MXNetError - dataset does not start with a valid magic number

I am trying to use amazon sagemaker linear-learner algorithm, it support content type of ‘application/x-recordio-protobuf’. In preprocessing phase, i used scikit-learn preprocessing to one-hot-encode my features. Then i use linear learner estimator to with record-io converted input data.

I used package and the preprocess conversion was successful.

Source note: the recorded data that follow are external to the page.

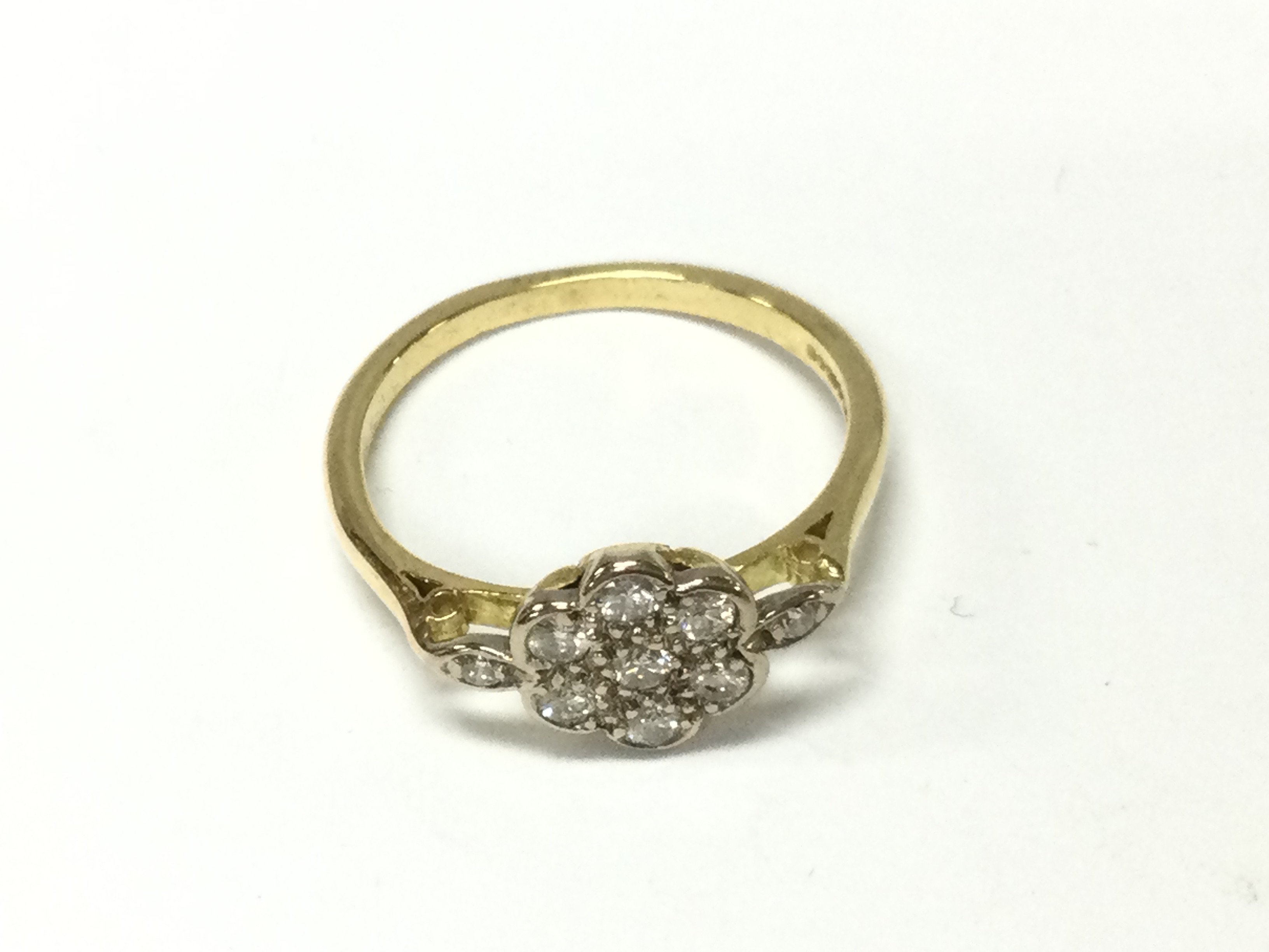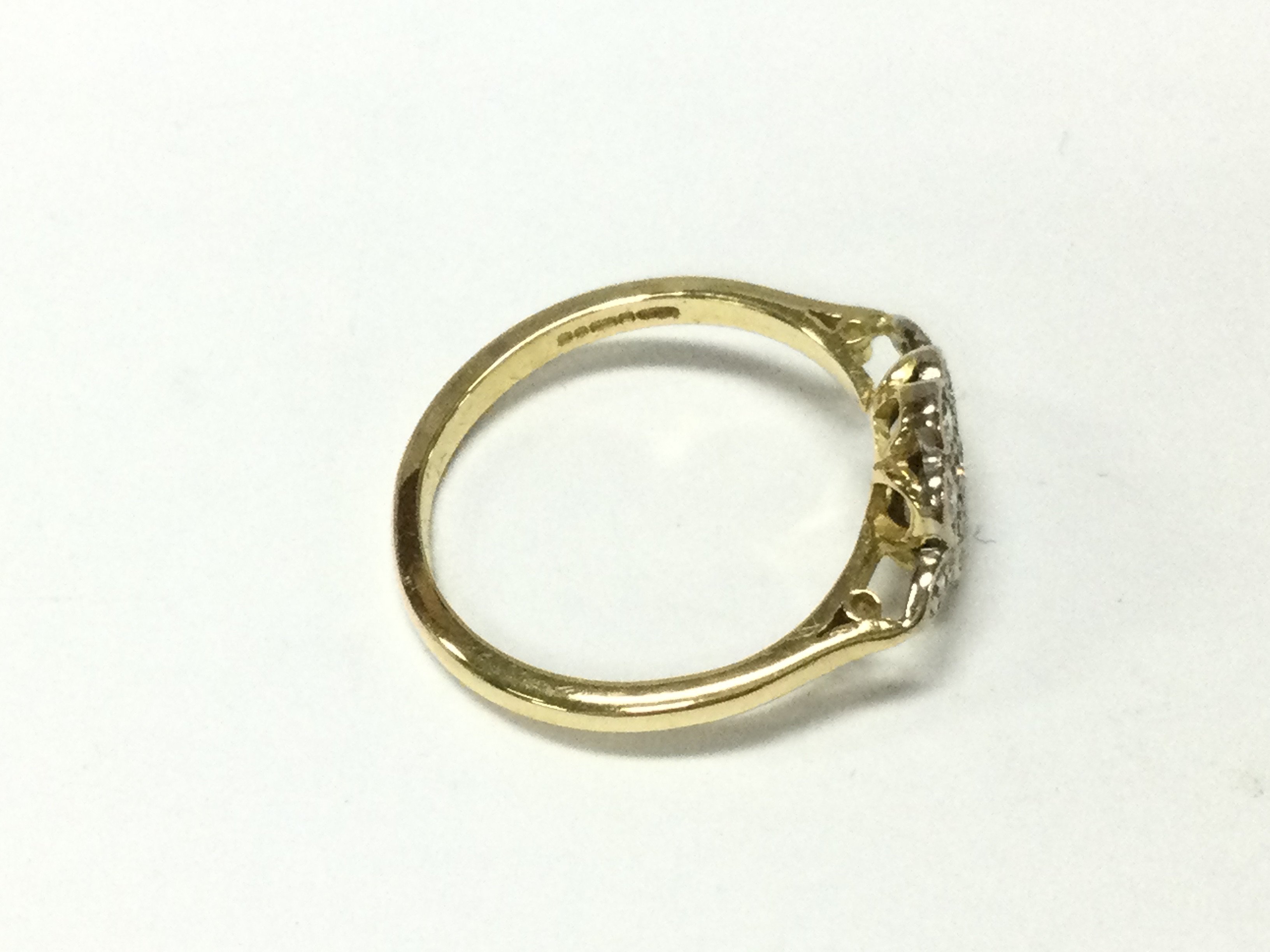 An 18ct yellow gold ring set with seven diamonds. 3.18g
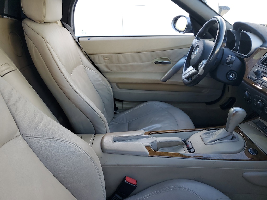 2005 BMW Z4 3.0L I6 DOHC 24V This vehicle also comes equipped with: 10 Speakers, 17 x 8 Twin Spoke Cast Alloy (Style 103) Wheels, 4-Wheel Disc Brakes, 6-Way Manually Adjustable Front Sport Seats, ABS brakes, Air Conditioning, Alloy wheels, AM/FM radio, Automatic temperature control, Brake assist, Bumpers: body-color, CD player, Convertible roof lining, Delay-off headlights, Driver door bin, Driver vanity mirror, Dual front impact airbags, Dual front side impact airbags, Electronic Stability Control, Four wheel independent suspension, Front anti-roll bar, Front Bucket Seats, Front Center Armrest, Front fog lights, Front reading lights, Fully automatic headlights, Glass rear window, Heated door mirrors, High Performance Leather Upholstery, Illuminated entry, Integrated roll-over protection, Knee airbag, Leather Shift Knob, Leather steering wheel, Low tire pressure warning, Occupant sensing airbag, Outside temperature display, Panic alarm, Passenger cancellable airbag, Passenger door bin, Passenger vanity mirror, Power door mirrors, Power steering, Power windows, Prem Sound System w/Upgraded Audio Power, Radio data system, Rain sensing wipers, Rear anti-roll bar, Rear window defroster, Remote keyless entry, Speed control, Speed-sensing steering, Speed-Sensitive Wipers, Sport steering wheel, Tachometer, Telescoping steering wheel, Tilt steering wheel, Traction control, Trip computer, and Variably intermittent wipers. RWD Recent Arrival! 21/29 City/Highway MPG
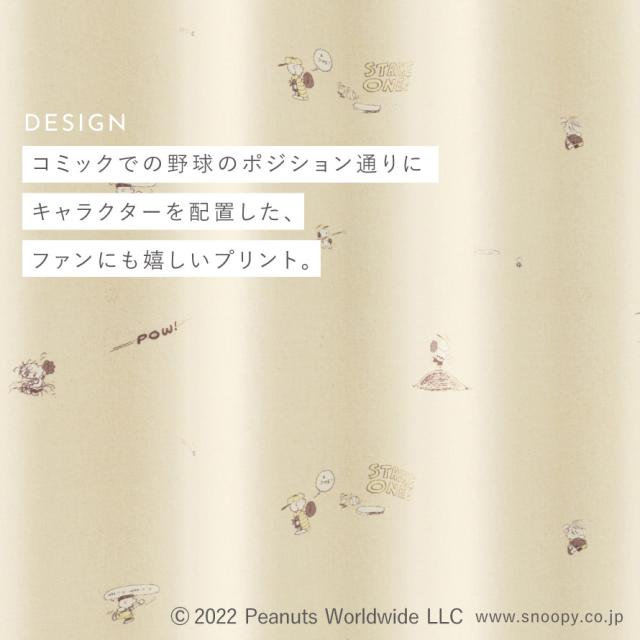 PEANUTSコミックの、野球シーンのポジション通りにキャラクターが配置された、ファンにはたまらない遊び心のあるデザイン。
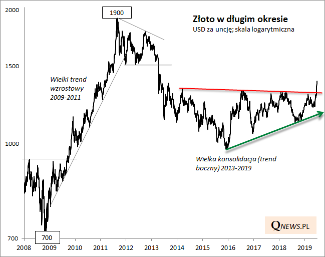 Przez kilka długich lat notowania szlachetnego metalu pozostawały w męczącym trendzie bocznym, kilkakrotnie pojawiały się nieudane próby wybicia górą, które mogły jeszcze bardziej zwiększać poziom frustracji inwestorów. Ale to się najwyraźniej właśnie zmieniło. Cena złota wreszcie wybiła się górą z trendu bocznego i jest najwyżej od ... sześciu lat.
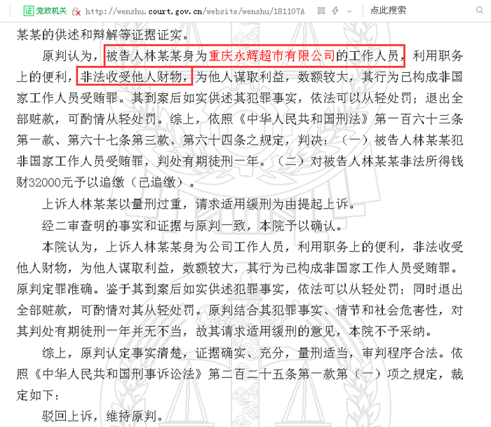 上述裁定书显示,原判查明,2012年4月至2013年3月,被告人林某某担任重庆永辉超市有限公司采购部市场2组采购组长,负责安排运输路线、出车次数、货物定损等工作。2012年4月起,林某某利用调整司机拉货线路和要求赔偿货物损失等职务,共收受赵某、蒋某某、李某某、曾某某所送好处费共计32000元。
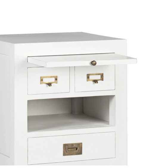 Table de chevet de la collection EVEREST fabriquée à la main en bois de mindi laqué blanc. La structure est massive et les des accessoires en bronze. L'élément-clé pour la chambre. Contient un tiroir secret où vous pourrez ranger vos biens les plus précieux. Aucun assemblage nécessaire.

from sagemaker.amazon.common import write_spmatrix_to_sparse_tensor

But when linear-learner takes the input record, it fails with the error below

Caused by: [15:53:30] /opt/brazil-pkg-cache/packages/AIAlgorithmsCppLibs/AIAlgorithmsCppLibs-2.0.774.0/AL2012/generic-flavor/src/src/aialgs/io/iterator_base.cpp:100:

(Input Error) The header of the MXNet RecordIO record at position 810 in the dataset does not start with a valid magic number.

#sagemaker #linear-learner #mxnet #application/x-recordio-protobuf

I assume the problem comes from the preprocessing. Can you share a code example for how you preprocess and convert the data?

i have posted the same question in stackoverflow…

did you ever figure it out? I m getting the same error on the factorization machine and I protobuffed the data already …

@SarathChandran Did you ever figure this out? I ended up with something very similar to yours in my output_fn, trying to pass the output to KMeans. Same error. The line that MXNet is complaining about (no magic number) is the same number as number of samples in the file.